Training your child can be a memorable experience, but it also has its challenges



Brunswick field hockey coach Carrie Sullivan, center, recently poses with daughters Kelsey and Ellie. Photo provided by Carrie Sullivan

Carrie Sullivan has coached her daughters in various sports for as long as she can remember.

Prior to becoming a Brunswick field hockey coach in 2018, Sullivan remembers asking his daughters, Kelsey and Ellie, what they thought of his high school coaching.

“I asked them what they thought about it and if they were okay with it,” Sullivan said. “It’s different when your mom coaches your teammates and friends, but they took it without hesitation.”

Kelsey Sullivan added, “It’s so nice to have someone to talk to after games and practice who really understands the game. It’s also great because we both have the same thought process and the same competitive mindset.

The Sullivans aren’t the only ones when it comes to parents coaching their kids on high school athletic teams in the Midcoast.

Many of these caches say the experience is very rewarding, but it presents some challenges, including avoiding showing favoritism.

“You have to be a little careful how you go about it,” said Brunswick women’s soccer head coach Martyn Davison, who coaches her older daughter Emily. “You try to stay aware of it, but I’ve never had a problem with it. “

F addedBoys soccer coach Bob Strong, who coaches his senior son Bobby, reports: “I’m very sensitive to the perception of favoritism, especially when it comes to playing time. The times I felt it most difficult were when he was on the verge of being a contributor. At that time, I tended to shield myself from conservatism and not play it as much as he maybe deserved. UThere is no doubt that the biggest advantage of my son’s training is to enjoy the privileged moments that he shares daily with his teammates. The players create unforgettable memories over a three month season, I enjoy every minute with a front row seat in their experiences.

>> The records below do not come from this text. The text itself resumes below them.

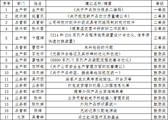 虹潤公司2020年度合理化建議獲獎名單
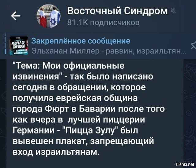 Жил-был мужик, которому не понравилась израильская агрессия. И попросил израильских граждан не посещать его общепит. А потом бахнул этадругинчику, и немедля извинился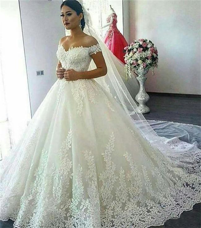 A Line Spaghetti Strap Chapel Train Tulle Appliqued Wedding Wedding Dresses Chapel Train

Emily Davison, left, recently poses with her father Martyn Davison. Emily is a senior on the Brunswick High women’s soccer team, which Martyn coaches. Photo provided by Martyn Davison

Coaches also say they are trying to find that balance between parent-child and coach-player. Coach Sullivan, for example, has said she needs to separate her mother-daughter relationships with her daughters once they’re on a sports field.

“I don’t think about it very often, but it rarely comes back,” she said. “I take that into consideration and try to keep it apart until we get home and dissect the game.”

Many athletes say that playing for a parent at a high level is a once in a lifetime experience.

“It can be difficult at times to take constructive criticism,” said Emily Davison, who is a key contributor to the Brunswick women’s soccer team. “But I respect what he says and try to implement his advice.”

The Sullivan sisters, Kelsey and Ellie, agreed.

“The benefits of having him as a coach outweigh the challenges, which aren’t many,” said Ellie Sullivan, a junior. “I grew up with her coaching style all my life and became the player I am today because of her. I appreciate her competitiveness and love of the game, and I have very similar ideas to her about how we play and how we can improve as a team.

Carrie Sullivan said coaching her daughters also helps bring the family closer together.

“One thing is to have this unique moment in their life to be with them,” she said. “There aren’t many mothers as much as I am in the lives of their teenage daughters. Another piece that I love is getting to know their friends on this level. There have been so many teammates that I have watched grow up and I love having that extra layer of relationship with them.